Missing Seat Belts and PC Plod

Dr Vernon Coleman





I was stationary at the traffic lights when he approached. He wasn’t quite a policeman (you don’t see many of those walking around these days) and he was a bit more than a traffic warden. I’m not totally sure what they’re called, though I’m sure they have a name; a title of some kind. They can arrest people for dropping litter or parking badly, and although I don’t think they carry guns, they are laden down with the technology that all law enforcement officers carry these days: phone, camera, bullet proof vest and more leather pouches strapped to their body than a boy scout on a camping holiday.

‘You don’t seem to be wearing your seat belt, sir,’ he said, managing to add just the right amount of official irony to the final word.

‘No,’ I agreed, for he was quite right. I’d been waiting for this to happen.

Antoinette wound down her window, since he was standing on the pavement on her side of the car. He looked in and gave me the two thousand yard stare they teach them before they graduate. Antoinette smiled and said ‘hello’ to him.

‘Would you pull up just over there please, sir,’ he said, indicating a space reserved for taxis.

I did as he asked.

He walked, very slowly and deliberately, to where I was parked and looked in through Antoinette’s open window.

‘Neither of you appears to be wearing your seat belts,’ he said. Now that he had confirmed that I was a criminal he’d dropped the ‘sir’.

‘No,’ I agreed. I started to explain that the car, being 67-years-old was built before seat belts were introduced and didn’t have them fitted.

He looked carefully at the inside of the car. ‘You don’t have any seat belts,’ he said, ignoring me.

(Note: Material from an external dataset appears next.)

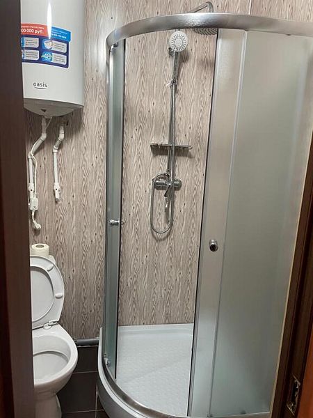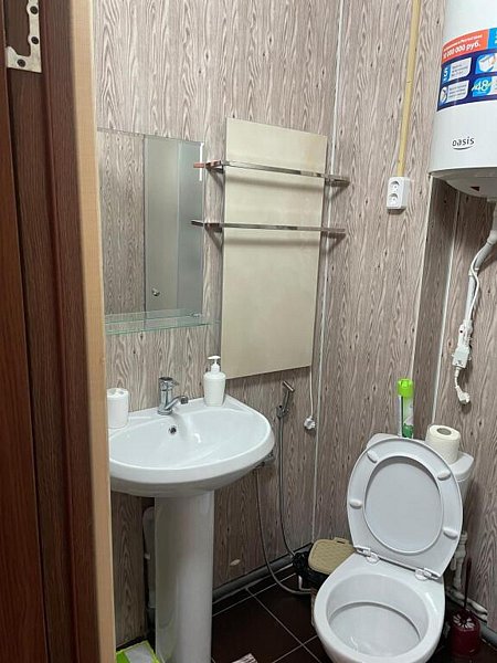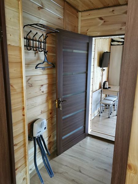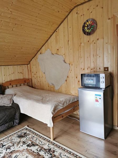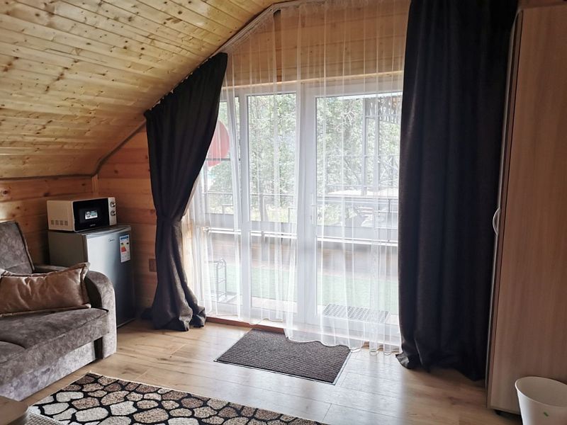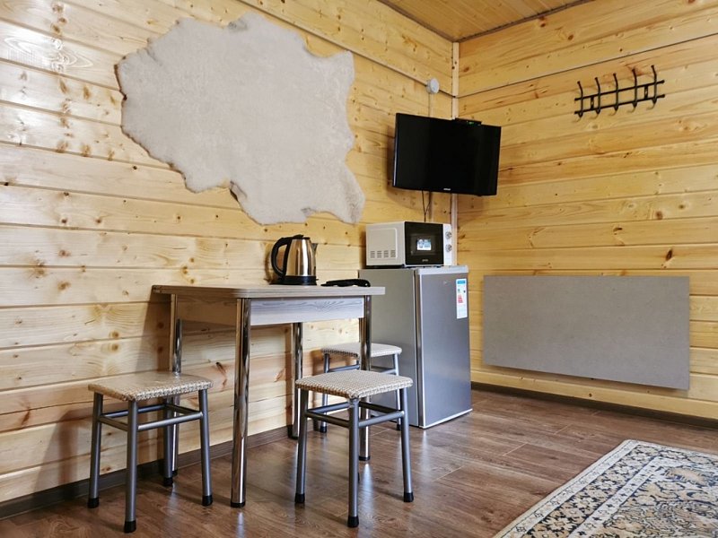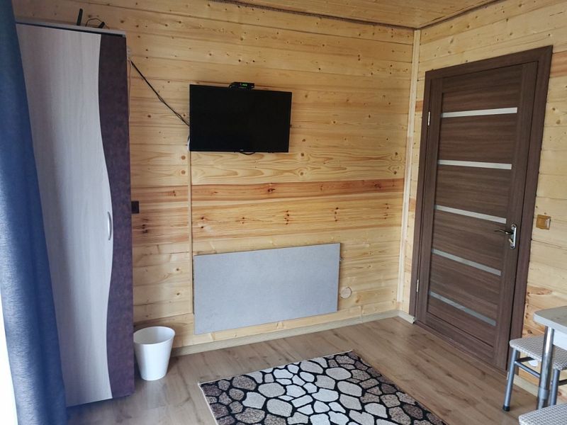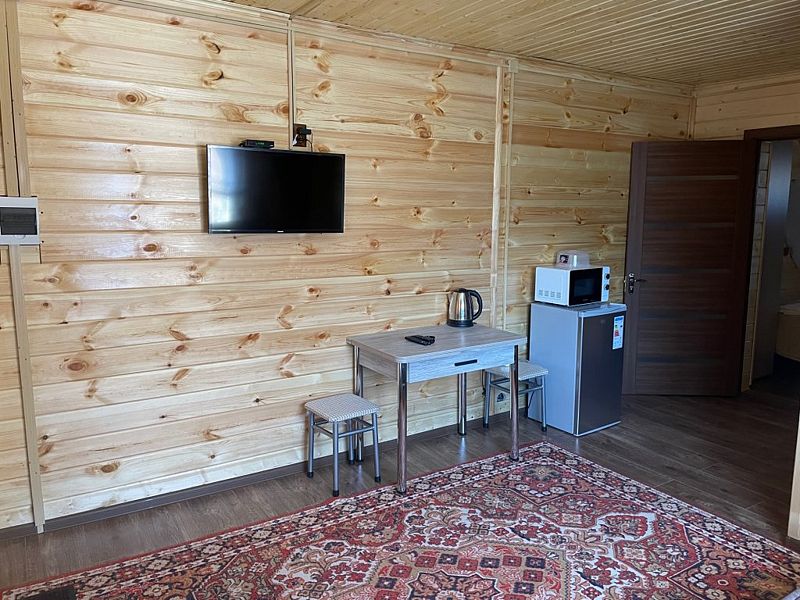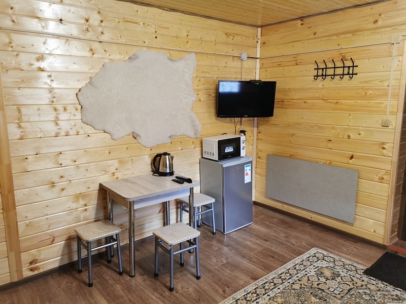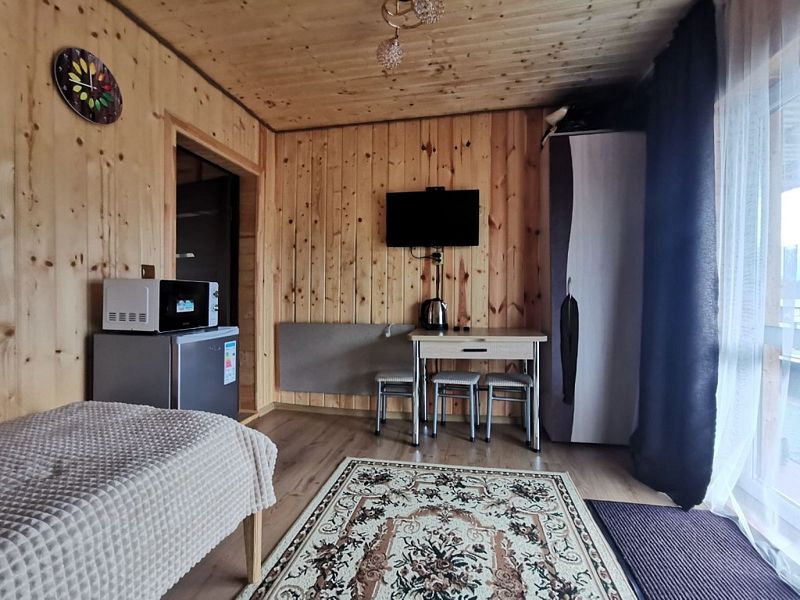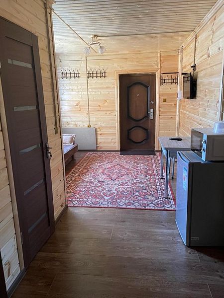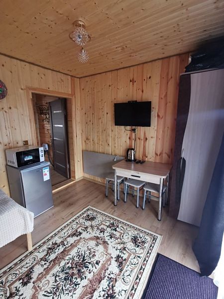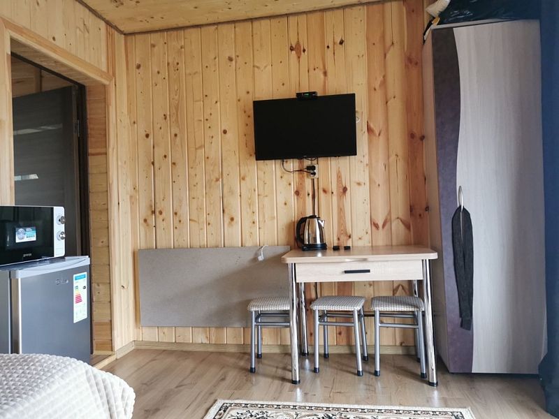 Среди удобств: микроволновка, чайник, холодильник и шкаф для одежды.

‘No,’ I agreed. I was tempted to tell him that I was just on my way to report them stolen. But I resisted the temptation.

He had unhooked his phone from his chest and, after walking to the front of the car, had keyed in the registration number. ‘You don’t appear to have a valid road fund licence,’ he said, when he came back. He looked puzzled. He squinted at his phone. ‘Nor a valid MOT certificate.’

‘No, I agreed. The car is exempt.’

He studied his phone.

‘Exempt?’

‘Exempt,’ I agreed. ‘No MOT, no road tax, and no seat belts required.’

‘How old did you say the vehicle was?’

‘Sixty seven years,’ I told him. ‘It was made in 1957. January 1957 to be precise.’ He studied his phone a little longer. He was a slow reader. ‘Right, sir,’ he said. He seemed very disappointed and still a little confused. But I was clearly no longer a criminal. He looked down at the piece of road where we were parked. ‘You’d better move on, sir,’ he said sternly. ‘You’re parked in a space reserved for taxis.’

‘Right you are, officer,’ I said. I put the car into gear and we slid away gracefully.